I bought this sketchbook because I started carrying a smaller purse, and wanted one small enough to fit inside. It's a 3.3" x 4.7" dot matrix pad, bound at the top, with 80 perforated sheets (not my preference, but we use what we have). The day I bought it, I filled the first four pages and decided my goal for the book would be to fill as much space on the page as possible (easy to do with such small sheets!), using whatever materials I had at hand in the moment - preferably using as many materials as possible. So far my most frequently-used materials are basic gel pens (black and white) and Chartpak AD alcoholic markers, with mechanical pencil for the initial sketch.
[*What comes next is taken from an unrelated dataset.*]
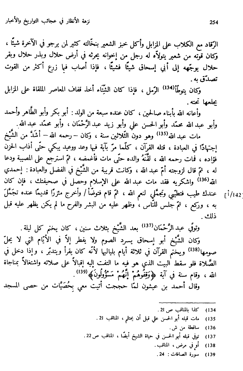 وكان الشّيخ أبو إسحاق يسرد الصوم ولا يفطر إلاّ في الأيّام التي لا يحلّ صومها (¬138) ويختم القرآن في ثلاثة أيام بلياليها لأنّه كان يقرأ ويتدبّر، وإذا دخل في الصّلاة فلو سقط البيت الذي هو فيه ما التفت إليه إقبالا على صلاته واشتغالا بمناجاة الله، وقام سنة في آية {وَقِفُوهُمْ إِنَّهُمْ مَسْؤُلُونَ} (¬139).

If you use markers like that, you HAVE to put a bleed sheet behind your page. Learn from my mistakes!!
(I hope to make pages for all the characters pictured here so you know who they are, but it'll take a while. ^^; Bear with me please!)
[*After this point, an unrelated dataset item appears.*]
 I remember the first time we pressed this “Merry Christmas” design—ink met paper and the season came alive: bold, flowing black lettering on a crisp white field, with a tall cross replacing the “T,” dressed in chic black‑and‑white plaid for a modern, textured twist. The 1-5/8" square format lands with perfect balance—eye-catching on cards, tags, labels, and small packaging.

As an aside, I picked two of these little books up at a locally owned and operated stationary shop. The owner came down into the empty shop as I was checking out and I have to paint a picture for you. This man is at least 70 years old by his own admission, and he dressed like it. He had a very formal grey suit, dress shirt, and a black bowtie. On a Friday. And this was not a modern suit! He looked like he was going to pitch paper sales to an oil baron. Like some kind of retired Mid-Atlantic radio announcer who broadcasted illegal boxing. I felt like he was going to ask me if I wanted to stop by the soda fountain after work. Instead his first statement to me was: "Well hello there! What do you do for fun?" (a deeply strange first question, but there we are), to which I replied "For fun? I'm buying notebooks!"
After some conversation, it turns out he's known my boss for 70 years (which I doubt, because I think that's about how old my boss is), and was in our building talking to the tenants upstairs just the week before. It was a fun coincidence, even if talking to strange stationary salesmen can be off-putting. The moral of the story is this: buy local! These guys were clearly desperate for business, and I'm sure there's a shop near you who's in similarly dire straights. Plus you might meet an overbearing stranger, which is always nice.